• **Material for this task**
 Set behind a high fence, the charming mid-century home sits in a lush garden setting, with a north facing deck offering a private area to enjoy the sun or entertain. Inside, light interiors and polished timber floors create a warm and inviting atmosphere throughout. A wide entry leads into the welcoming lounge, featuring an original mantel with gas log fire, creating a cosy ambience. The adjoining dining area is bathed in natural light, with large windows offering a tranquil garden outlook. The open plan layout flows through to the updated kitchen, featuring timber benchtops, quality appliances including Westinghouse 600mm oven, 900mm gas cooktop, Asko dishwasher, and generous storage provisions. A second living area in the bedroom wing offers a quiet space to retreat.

==

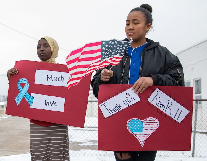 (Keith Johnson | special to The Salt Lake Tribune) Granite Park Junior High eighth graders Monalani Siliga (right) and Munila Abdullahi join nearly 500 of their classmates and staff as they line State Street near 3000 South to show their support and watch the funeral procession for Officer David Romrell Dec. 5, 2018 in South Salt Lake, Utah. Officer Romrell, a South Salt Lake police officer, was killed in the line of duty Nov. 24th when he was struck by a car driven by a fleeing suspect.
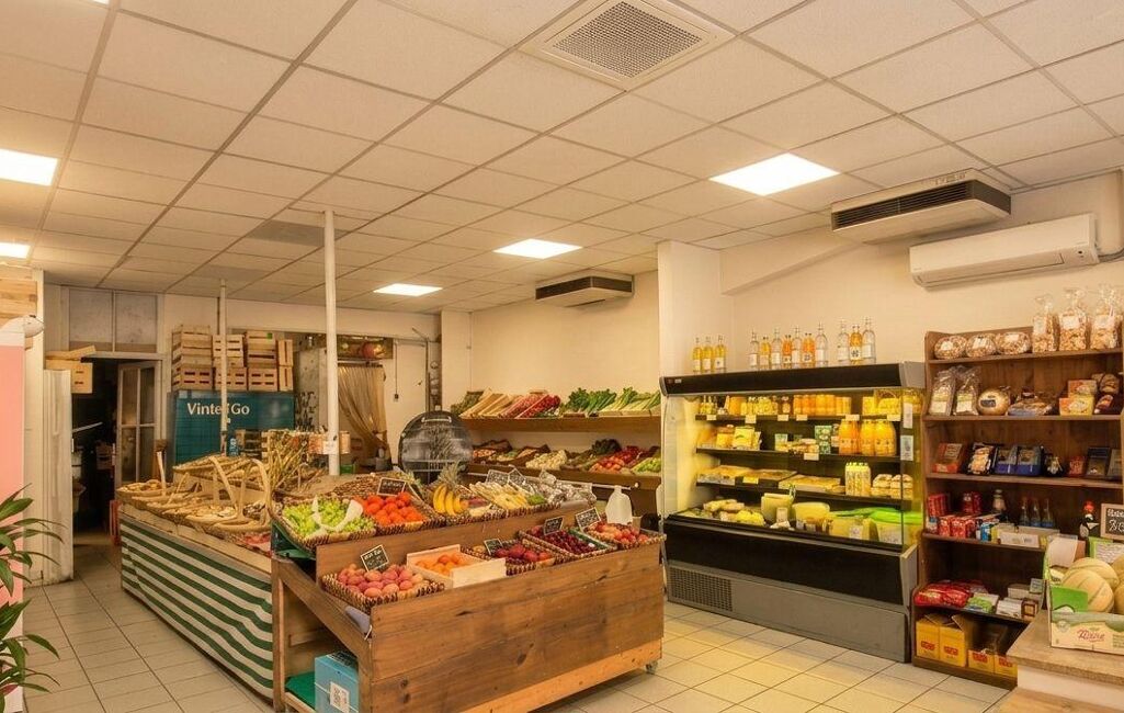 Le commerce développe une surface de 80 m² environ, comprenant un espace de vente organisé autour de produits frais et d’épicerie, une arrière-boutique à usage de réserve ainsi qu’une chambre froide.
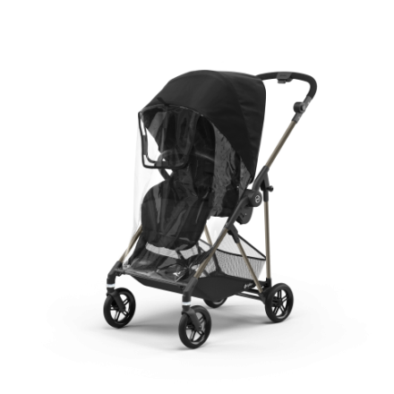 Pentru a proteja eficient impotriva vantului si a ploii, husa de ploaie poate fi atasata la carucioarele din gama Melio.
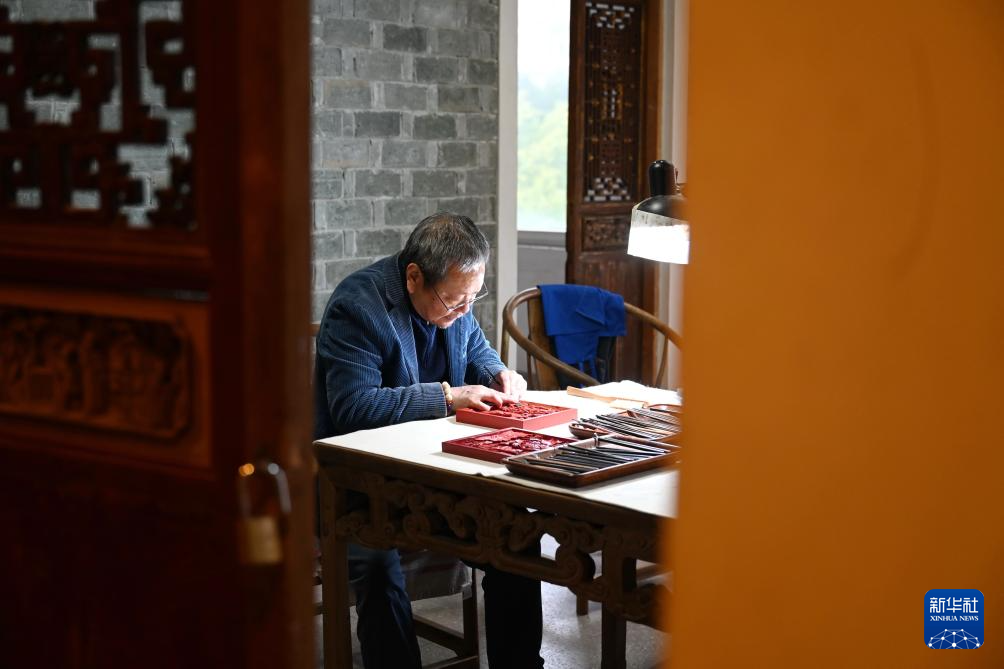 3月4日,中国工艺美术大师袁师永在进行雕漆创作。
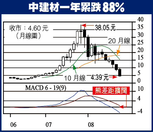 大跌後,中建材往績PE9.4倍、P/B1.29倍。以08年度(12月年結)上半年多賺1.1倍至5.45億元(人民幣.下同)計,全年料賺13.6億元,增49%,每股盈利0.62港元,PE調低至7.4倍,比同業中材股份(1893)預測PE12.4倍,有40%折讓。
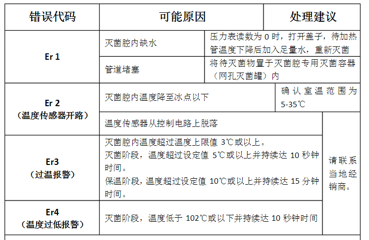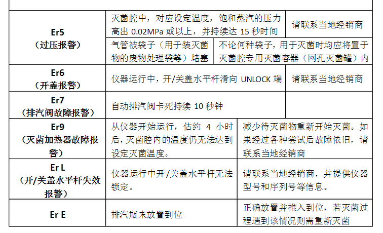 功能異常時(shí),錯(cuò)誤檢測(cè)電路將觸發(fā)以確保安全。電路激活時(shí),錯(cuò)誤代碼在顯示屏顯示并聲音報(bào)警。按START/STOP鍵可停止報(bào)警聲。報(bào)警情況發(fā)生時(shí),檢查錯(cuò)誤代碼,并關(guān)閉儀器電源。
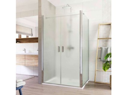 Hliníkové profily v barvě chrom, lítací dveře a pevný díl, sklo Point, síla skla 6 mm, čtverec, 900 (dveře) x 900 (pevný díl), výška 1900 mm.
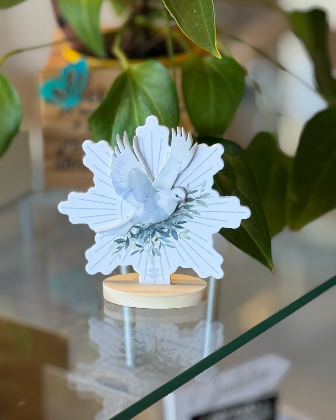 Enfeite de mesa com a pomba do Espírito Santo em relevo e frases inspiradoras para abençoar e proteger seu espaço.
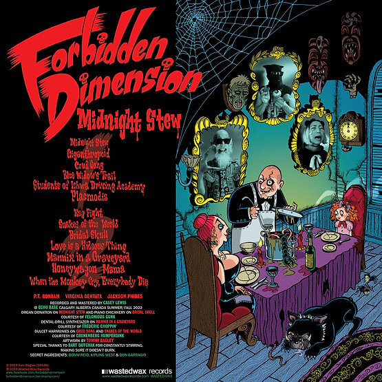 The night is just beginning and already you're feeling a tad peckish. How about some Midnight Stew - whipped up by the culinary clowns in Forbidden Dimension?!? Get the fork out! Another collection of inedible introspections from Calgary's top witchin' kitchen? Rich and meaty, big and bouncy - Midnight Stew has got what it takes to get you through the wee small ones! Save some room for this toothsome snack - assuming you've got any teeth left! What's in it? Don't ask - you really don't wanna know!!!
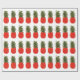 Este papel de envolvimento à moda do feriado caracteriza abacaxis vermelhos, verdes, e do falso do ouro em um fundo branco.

• **Problem to work on**
Copy nothing but the lines above that run from the one with "Enfeite de mesa" to the one with "Este papel de", ends included; pictures stay out.

• **Answer**
 Enfeite de mesa com a pomba do Espírito Santo em relevo e frases inspiradoras para abençoar e proteger seu espaço.
 The night is just beginning and already you're feeling a tad peckish. How about some Midnight Stew - whipped up by the culinary clowns in Forbidden Dimension?!? Get the fork out! Another collection of inedible introspections from Calgary's top witchin' kitchen? Rich and meaty, big and bouncy - Midnight Stew has got what it takes to get you through the wee small ones! Save some room for this toothsome snack - assuming you've got any teeth left! What's in it? Don't ask - you really don't wanna know!!!
 Este papel de envolvimento à moda do feriado caracteriza abacaxis vermelhos, verdes, e do falso do ouro em um fundo branco.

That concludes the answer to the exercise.